Andrea Gargano, born in Salerno, Italy, earned his B.Sc. degree in Biomedical Engineering from the University of Pisa in 2018 and his M.Sc. degree (cum laude) in Bionics Engineering from the University of Pisa and the School of Advanced Studies Sant’Anna in 2021. Since November 2021, he has been pursuing a Ph.D. in Smart Industry under the supervision of Prof. Enzo Pasquale Scilingo and Prof. Mimma Nardelli. From December 2023, he has been visiting Prof. Michael Muma at Technische Universität Darmstadt, in Germany, for seven months. Before embarking on his Ph.D. journey, he gained research experience at ADATEC s.r.l. and at the Dipartimento di Ingegneria dell’Informazione of the University of Pisa, where he worked as a part-time industry-research trainee for six months, validating the feasibility of custom piezoresistive sensors for gait detection. Additionally, he received a four-month scholarship at the Research Center “E. Piaggio” of the University of Pisa, working on the development and implementation of a personality model for social robots. His primary research interests encompass affective computing, physiological time series analysis, statistical signal processing, machine learning, and wearable and unobtrusive sensing. He actively contributes to various professional initiatives, volunteering as a representative of the Ph.D. candidates in Smart Industry and as a member of the Presidio della Qualità di Ateneo. He is also appointed as vice-coordinator of the local branch of ADI in Pisa.
Affective computing; physiological signal processing; statistical signal processing; machine learning; wearable sensors; unobtrusive sensors; biomedical engineering; statistics
My research focuses on developing novel, advanced, and robust statistically informed signal processing techniques to investigate if and how different human emotional states can be detected by analysing physiological signals. The main challenge lies in working with data solely from peripheral physiological sources, such as cardiac, respiratory, and electrodermal activity. The objective is to develop innovative methodological tools tailored towards understanding if and how physiological data can indicate arising emotions compared to a basal/resting state, with the potential to differentiate among diverse emotional states. Potential applications include developing objective markers for mental state assessment and enhancing communication in human-computer or human-robot interaction environments.

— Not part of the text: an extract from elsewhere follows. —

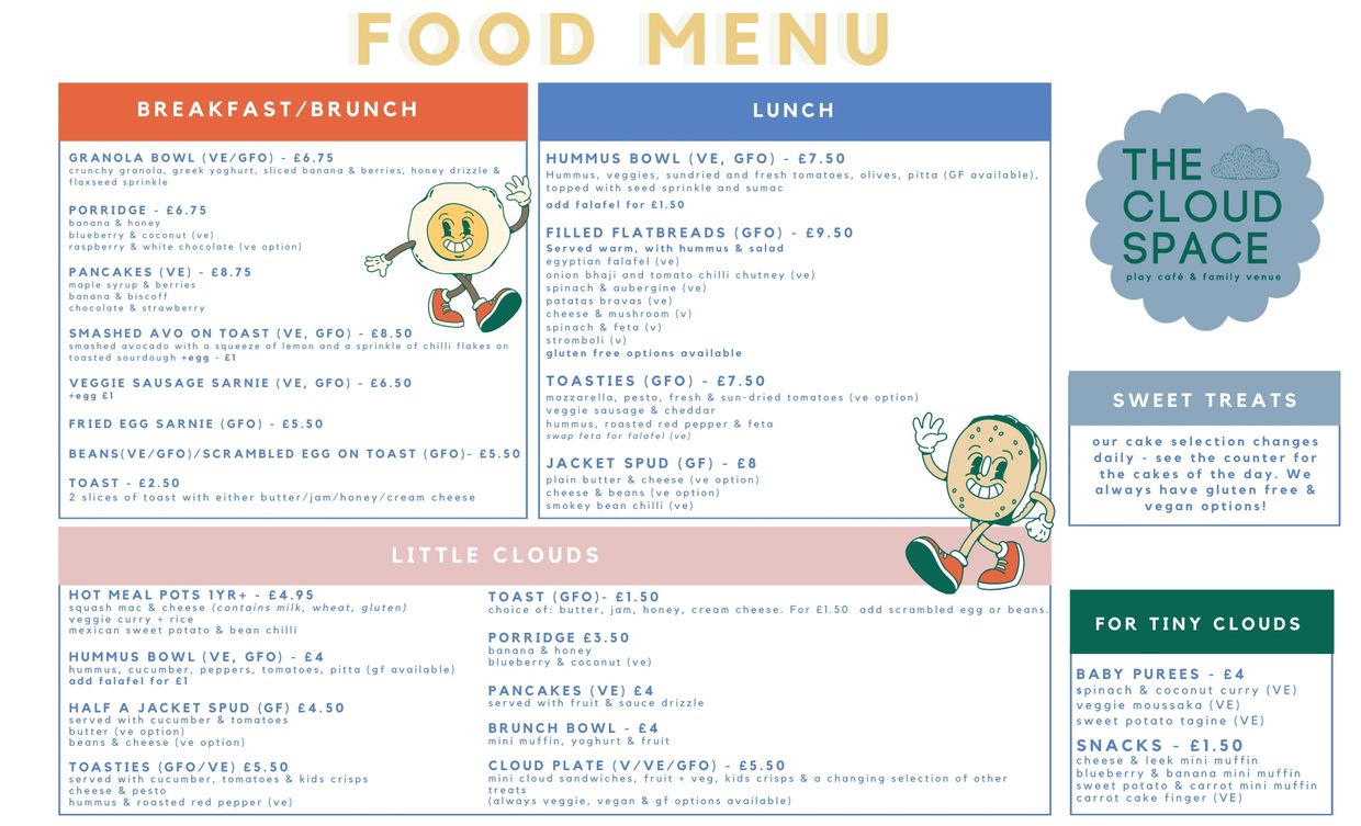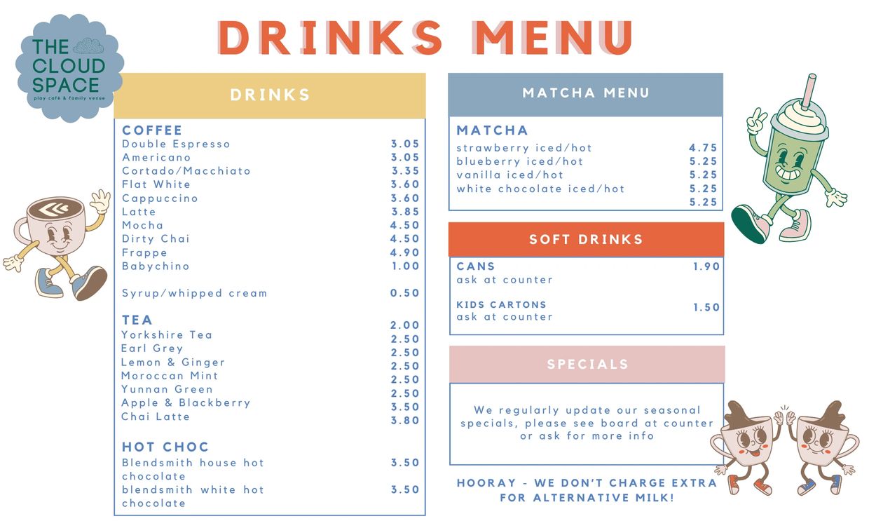 We believe that children and parents, and especially pregnant & postnatal mamas, deserve so much better than bad coffee and chicken nuggets & chips so often served at children's play spaces. Our menu is packed with a balance of fresh nutritious options, savoury & sweet treats, beautiful locally roasted coffee, high quality matcha, hot chocolate and ALWAYS yorkshire tea.

• Collaborating with IMT Lucca to develop a personality model for enhanced human-robot interaction and working on physiological data analysis. • Collaborating with the Università della Calabria to analyse physiological data collected from remote sensors. • Participating in the EU Project POTION, during a six-month internship at the spin-off FeelING. • Collaborating with TU Darmstadt on the development of robust signal processing methods for physiological signals. • Working as Teaching assistant for the course "Bionics Senses" course (M.Sc. Bionics Engineering) since 2022 and the "Sensi Naturali e Artificiali" course (B.Sc. Biomedical Engineering) since 2023.